Dataset extract:
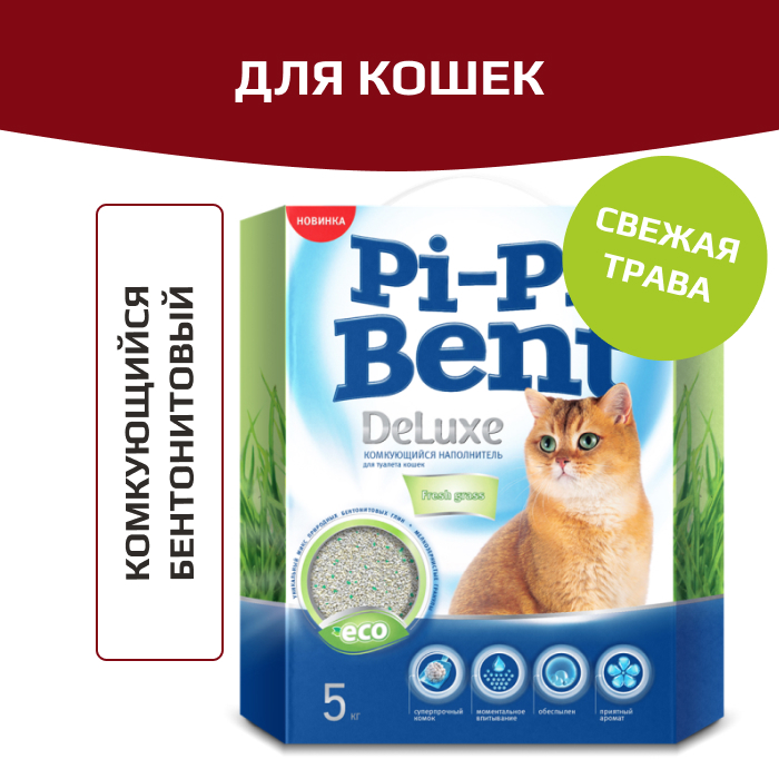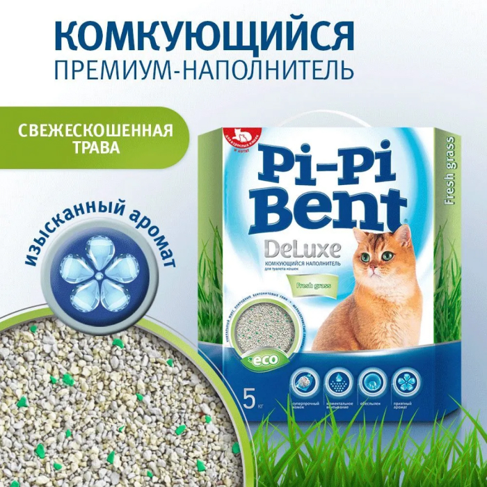 Pi-Pi Bent Deluxe Fresh Grass (свежая трава) - комкующийся наполнитель премиум-класса из природной бентонитовой глины. Имеет небольшой размер гранул и понравится всем кошкам, предпочитающим мягкость и особый комфорт при посещении лотка.
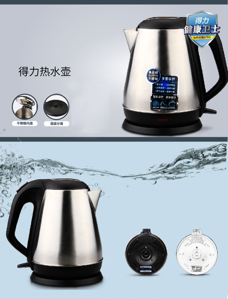 得力熱水壺 0763 1.5L不銹鋼自動斷電熱水壺 單位:個
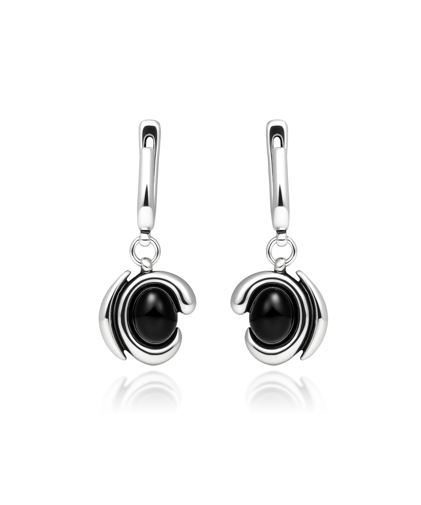Sidabriniai auskarai su Oniksu
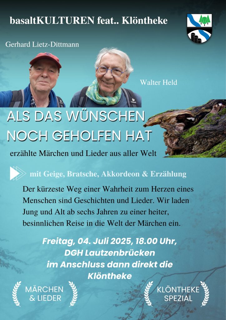 Unsere kleine Kulturreihe „Lautzenbrücker basaltKULTUREN“ in Kombi mit der Klöntheke und das noch auf besondere Art und Weise. Walter Held, ein Ur-Lautzenbrücker, kehrt mit seinem Freund zu uns ins Dorf zurück, um Märchen und Lieder mit Geige, Bratsche und Akkordeon zu präsentieren.

Exercise aim:
Copy the lines exactly. Start at the line with "得力熱水壺 0763 1.5L不銹鋼自動斷電熱水壺 單位:個", end at the last line above, include both, and omit all pictures.

Exercise result:
 得力熱水壺 0763 1.5L不銹鋼自動斷電熱水壺 單位:個
Sidabriniai auskarai su Oniksu
 Unsere kleine Kulturreihe „Lautzenbrücker basaltKULTUREN“ in Kombi mit der Klöntheke und das noch auf besondere Art und Weise. Walter Held, ein Ur-Lautzenbrücker, kehrt mit seinem Freund zu uns ins Dorf zurück, um Märchen und Lieder mit Geige, Bratsche und Akkordeon zu präsentieren.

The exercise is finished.